## Problem statement
For this exercise, return only the lines in the records below from the one holding "This function reduces" through the one holding "Bluzka DELIKATNE PASKI śmiatanka z czarnym", including both, exactly as they appear and without pictures.

## Stored entries
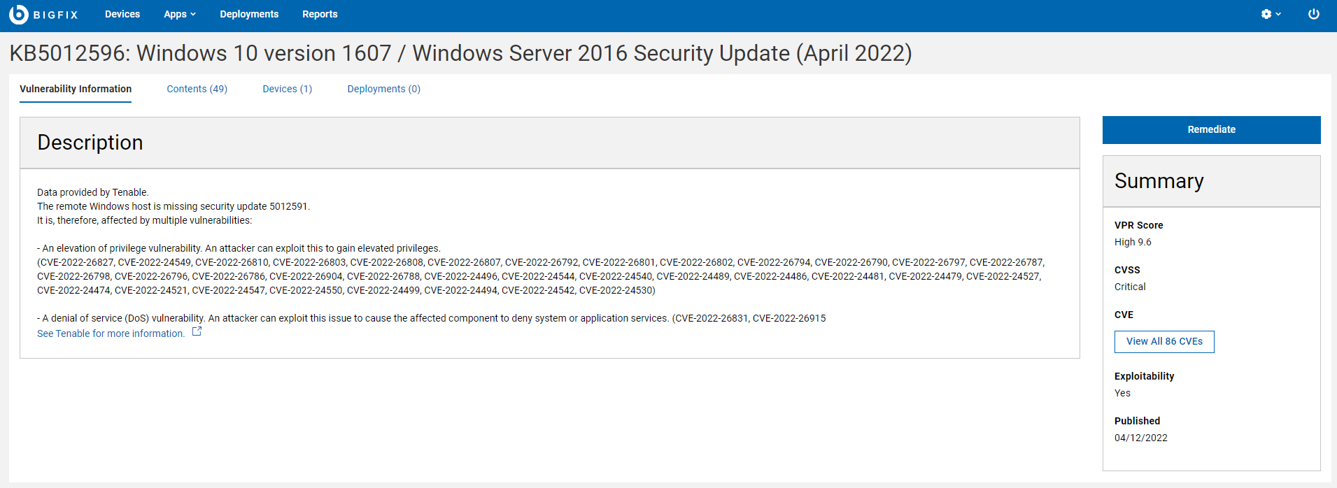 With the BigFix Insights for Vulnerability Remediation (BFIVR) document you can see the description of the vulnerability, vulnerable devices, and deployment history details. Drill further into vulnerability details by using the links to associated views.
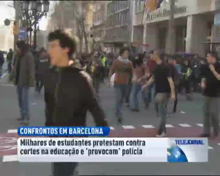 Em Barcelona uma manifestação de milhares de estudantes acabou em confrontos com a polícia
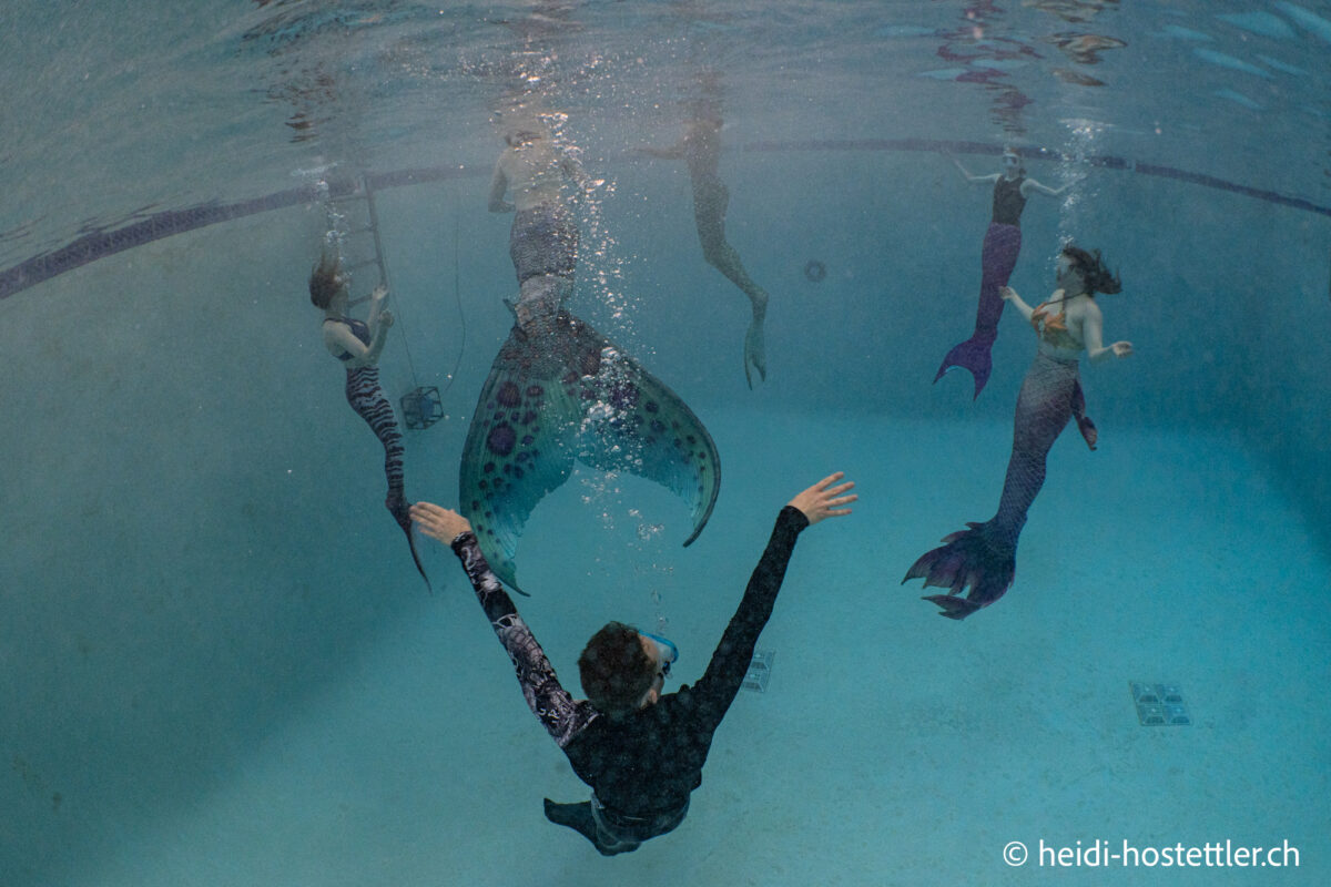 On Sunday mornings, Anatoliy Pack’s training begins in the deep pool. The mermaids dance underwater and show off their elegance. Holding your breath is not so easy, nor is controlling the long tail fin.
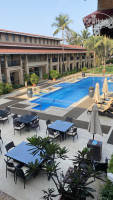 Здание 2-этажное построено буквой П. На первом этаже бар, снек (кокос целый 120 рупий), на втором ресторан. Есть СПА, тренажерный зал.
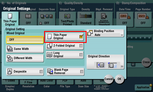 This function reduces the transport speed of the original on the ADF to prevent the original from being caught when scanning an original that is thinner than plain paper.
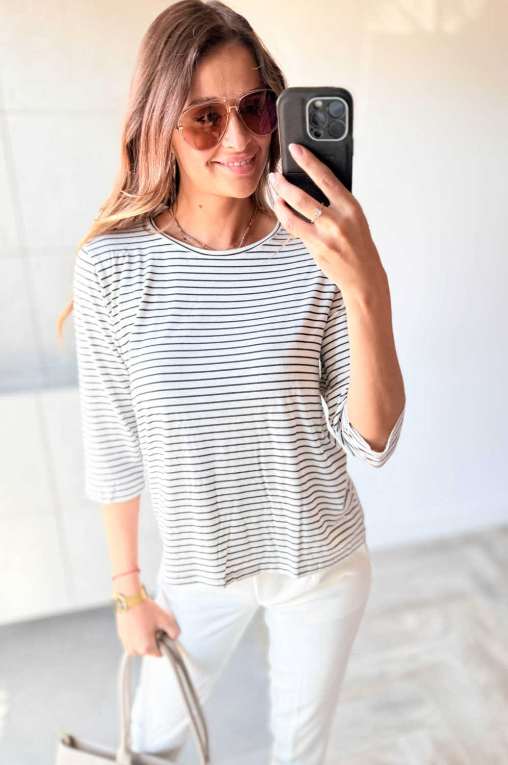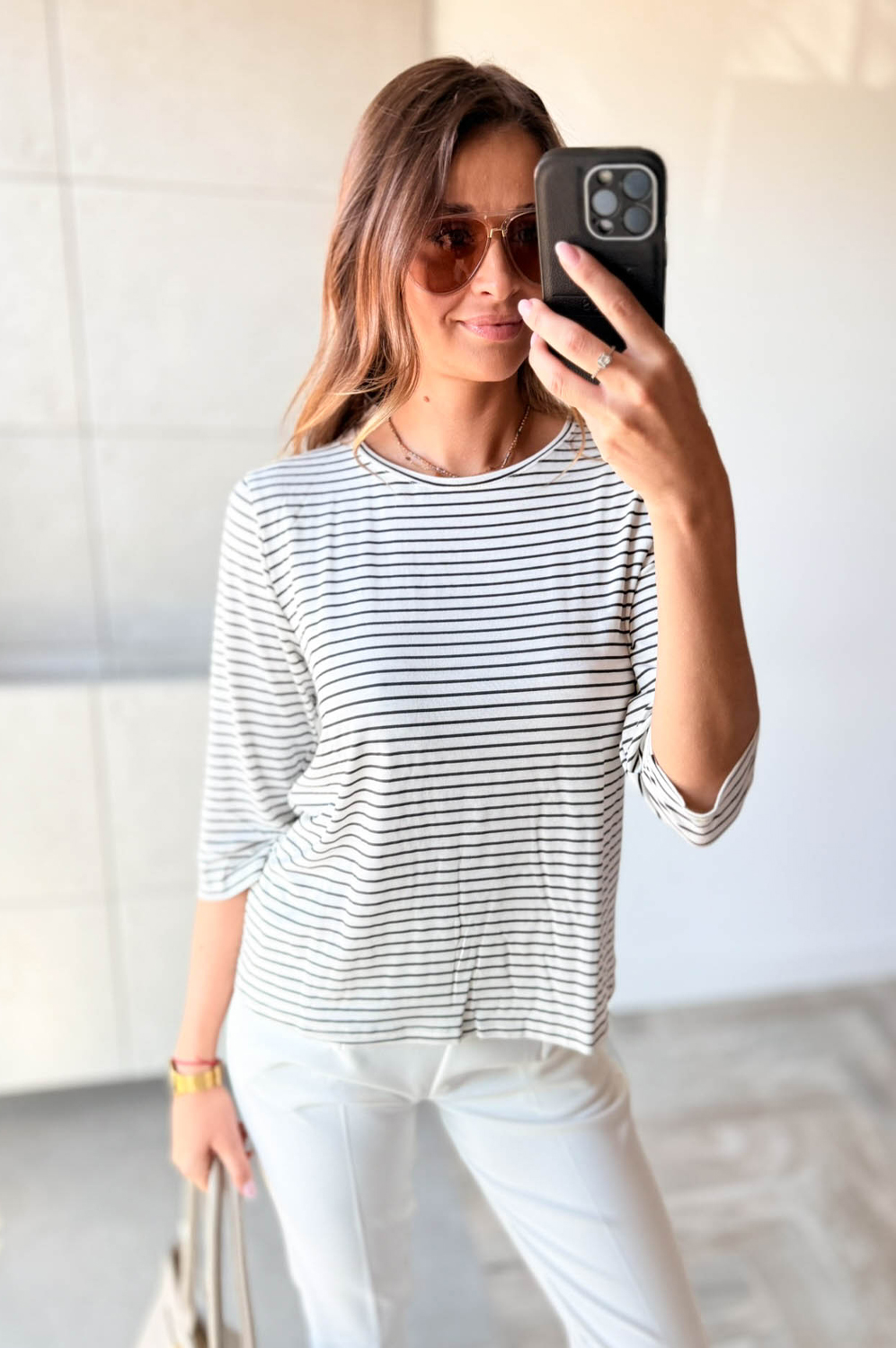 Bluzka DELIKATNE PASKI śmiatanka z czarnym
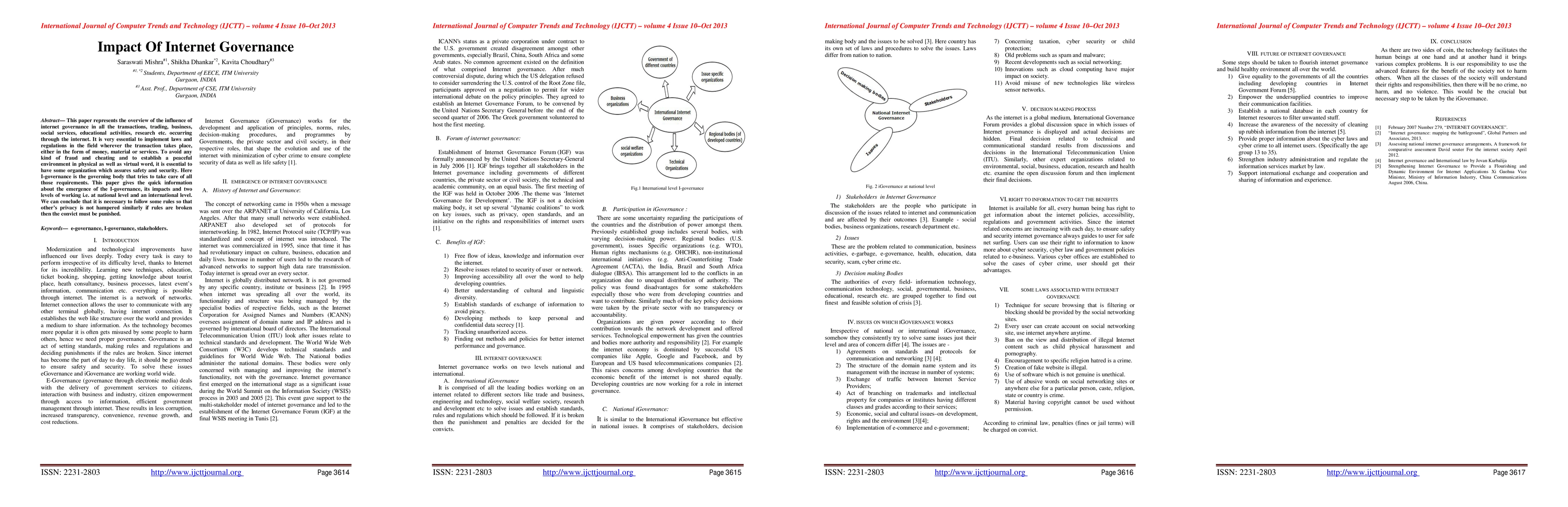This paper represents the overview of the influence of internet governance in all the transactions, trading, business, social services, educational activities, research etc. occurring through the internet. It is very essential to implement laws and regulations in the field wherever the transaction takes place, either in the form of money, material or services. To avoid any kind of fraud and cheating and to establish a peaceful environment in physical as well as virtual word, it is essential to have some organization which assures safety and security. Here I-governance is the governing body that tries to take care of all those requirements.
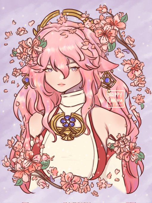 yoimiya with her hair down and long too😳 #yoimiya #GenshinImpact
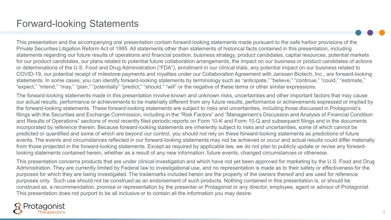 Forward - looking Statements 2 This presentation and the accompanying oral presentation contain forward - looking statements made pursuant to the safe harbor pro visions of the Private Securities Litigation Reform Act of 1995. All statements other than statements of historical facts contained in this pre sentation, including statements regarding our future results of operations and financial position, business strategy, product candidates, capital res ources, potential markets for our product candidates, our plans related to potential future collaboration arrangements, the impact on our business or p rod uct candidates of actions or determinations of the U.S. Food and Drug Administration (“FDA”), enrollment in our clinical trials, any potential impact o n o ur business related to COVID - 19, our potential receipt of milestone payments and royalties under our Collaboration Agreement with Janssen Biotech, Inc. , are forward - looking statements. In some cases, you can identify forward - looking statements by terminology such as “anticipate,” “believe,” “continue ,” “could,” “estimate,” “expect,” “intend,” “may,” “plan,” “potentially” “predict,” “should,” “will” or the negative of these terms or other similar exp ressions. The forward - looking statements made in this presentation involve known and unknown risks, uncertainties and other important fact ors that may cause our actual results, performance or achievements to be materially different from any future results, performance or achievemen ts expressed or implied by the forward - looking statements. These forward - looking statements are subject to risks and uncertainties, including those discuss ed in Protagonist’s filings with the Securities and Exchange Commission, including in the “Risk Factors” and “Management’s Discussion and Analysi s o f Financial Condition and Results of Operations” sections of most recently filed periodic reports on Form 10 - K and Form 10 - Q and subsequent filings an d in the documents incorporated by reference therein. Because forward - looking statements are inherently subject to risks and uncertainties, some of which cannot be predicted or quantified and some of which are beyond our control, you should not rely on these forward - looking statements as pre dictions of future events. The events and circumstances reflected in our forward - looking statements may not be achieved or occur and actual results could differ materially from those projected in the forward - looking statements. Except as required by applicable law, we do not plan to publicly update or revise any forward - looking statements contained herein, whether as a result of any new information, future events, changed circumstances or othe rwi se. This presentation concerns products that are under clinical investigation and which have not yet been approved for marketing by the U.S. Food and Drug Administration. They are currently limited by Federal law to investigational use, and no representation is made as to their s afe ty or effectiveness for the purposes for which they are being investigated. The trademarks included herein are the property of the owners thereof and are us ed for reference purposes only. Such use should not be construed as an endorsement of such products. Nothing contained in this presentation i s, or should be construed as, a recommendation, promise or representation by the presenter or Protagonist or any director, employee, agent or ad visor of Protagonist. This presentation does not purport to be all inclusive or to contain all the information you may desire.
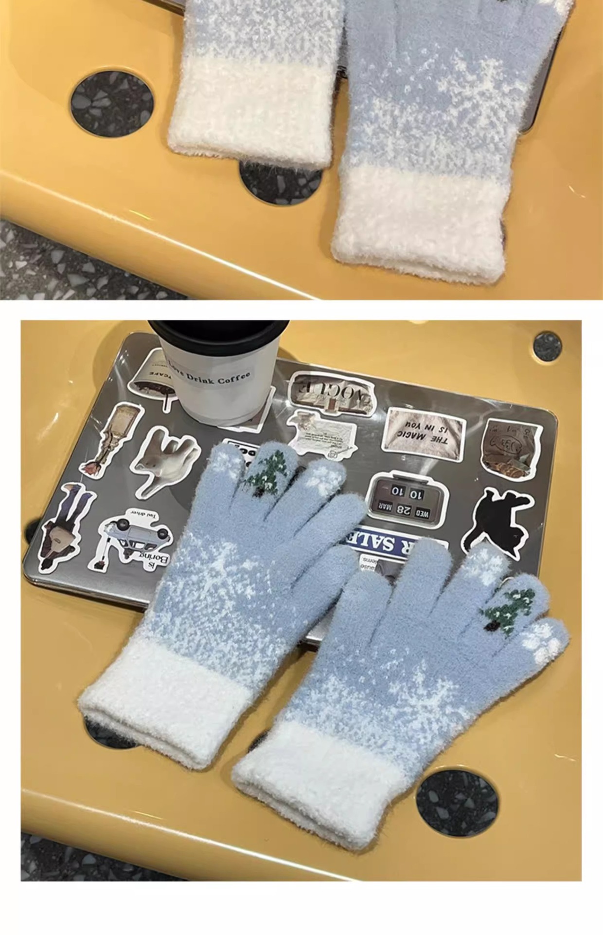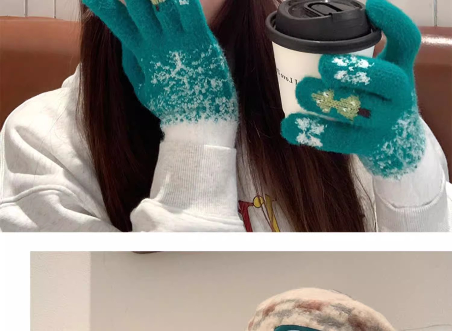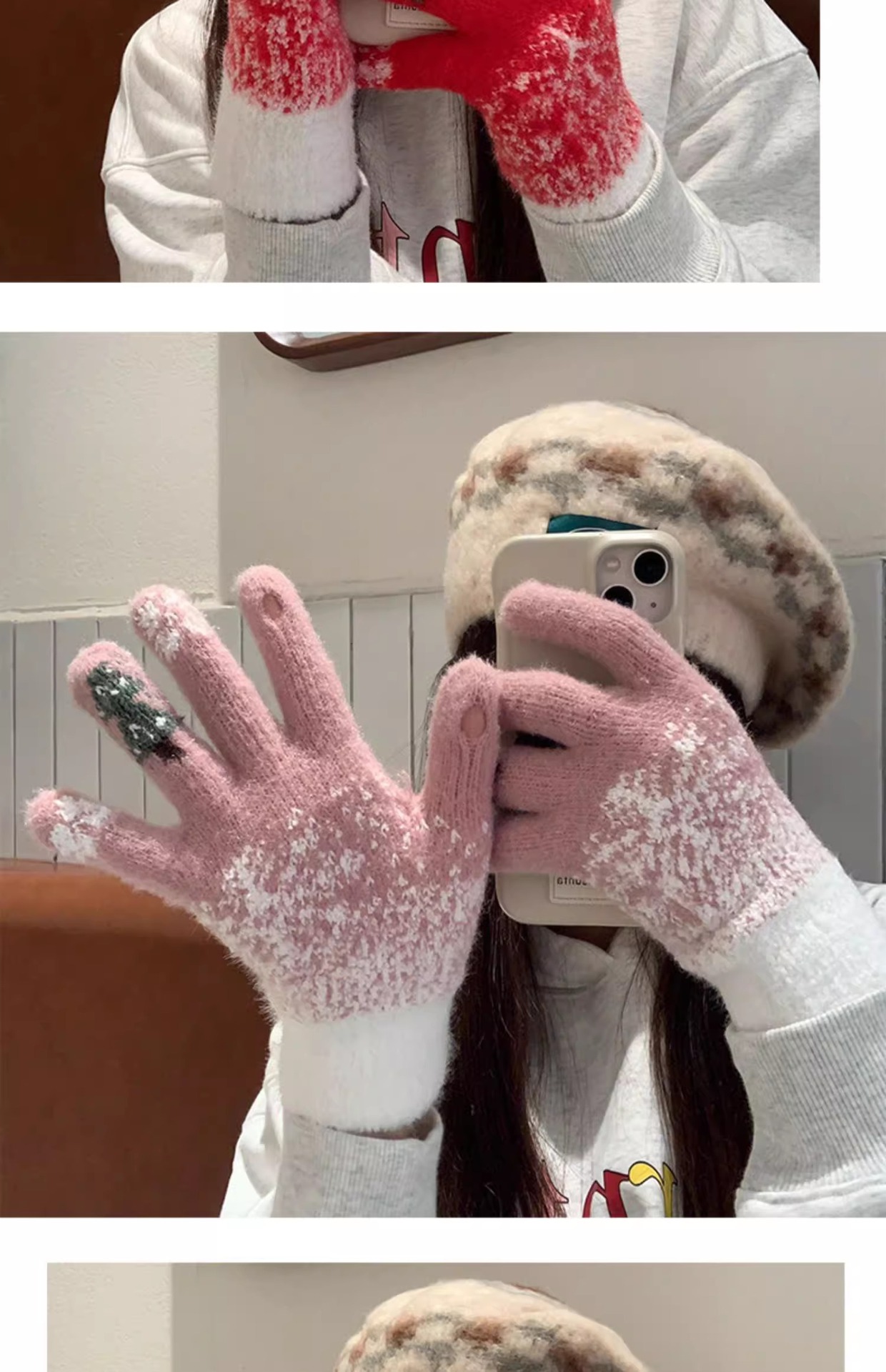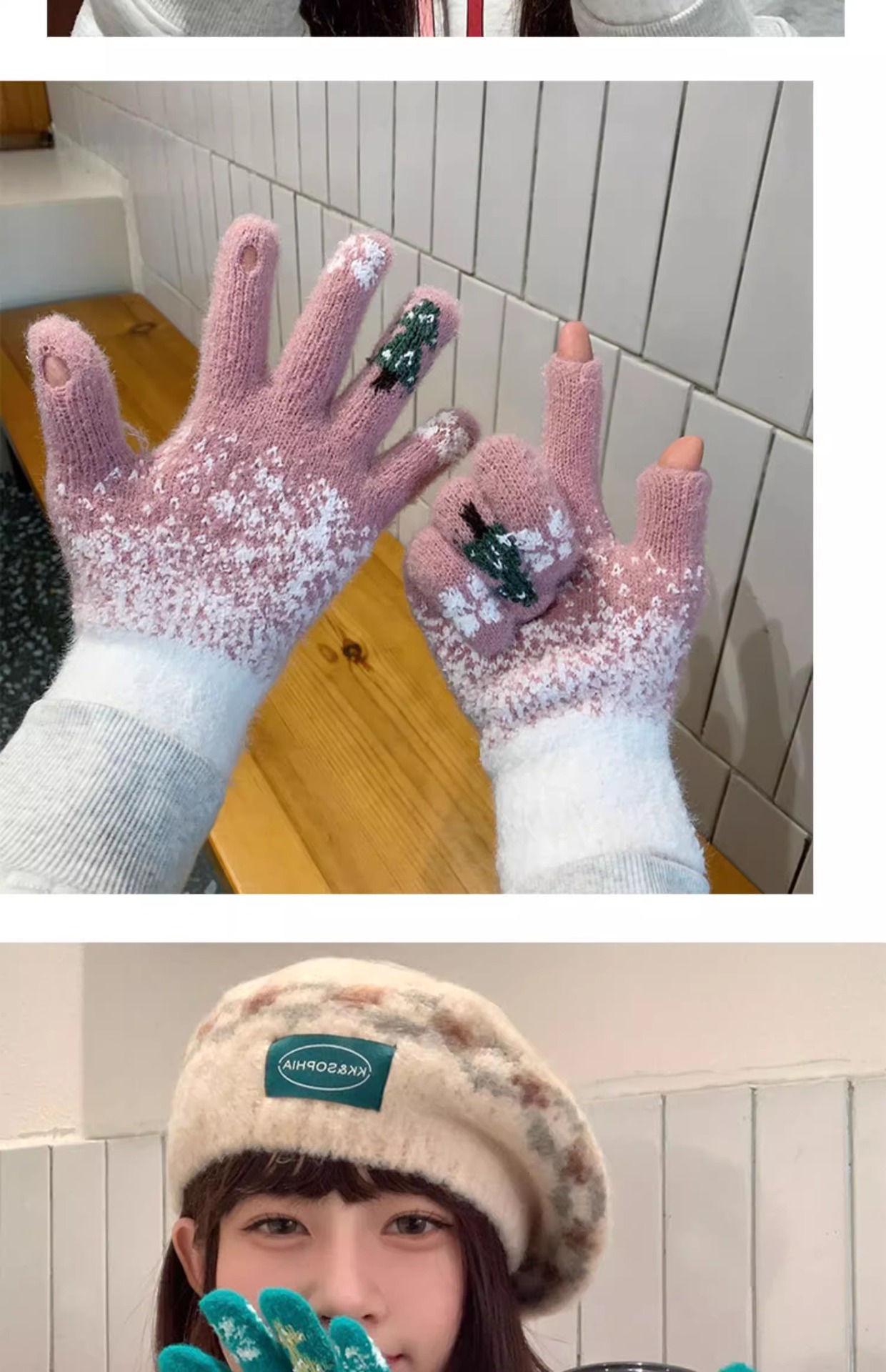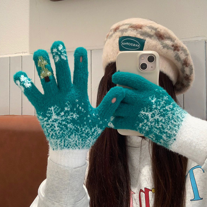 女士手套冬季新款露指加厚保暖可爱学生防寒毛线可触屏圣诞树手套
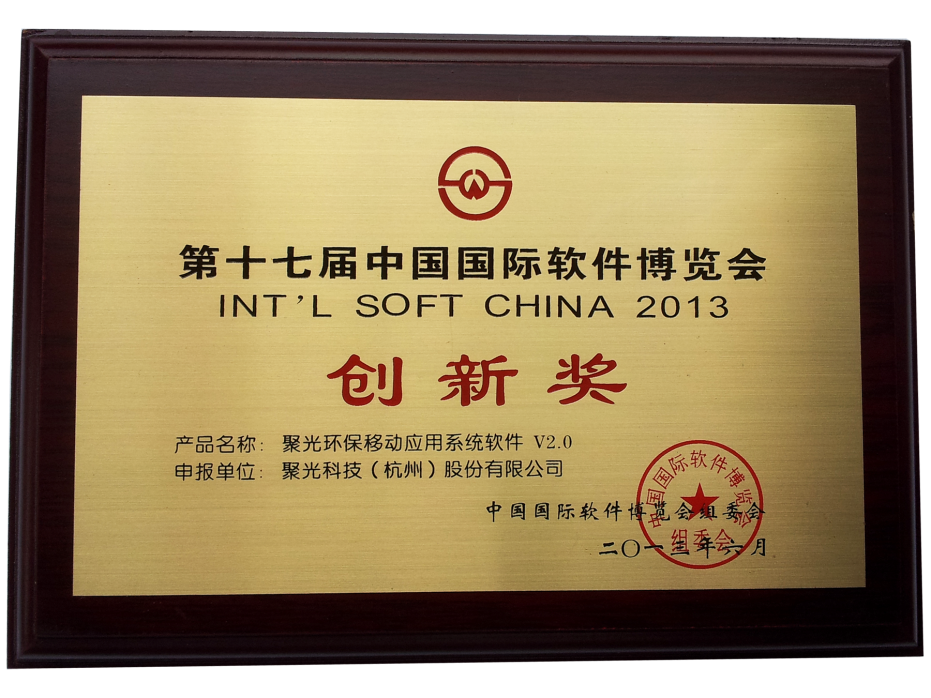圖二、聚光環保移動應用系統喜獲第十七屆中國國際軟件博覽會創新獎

## Finished exercise
 This function reduces the transport speed of the original on the ADF to prevent the original from being caught when scanning an original that is thinner than plain paper.
 Bluzka DELIKATNE PASKI śmiatanka z czarnym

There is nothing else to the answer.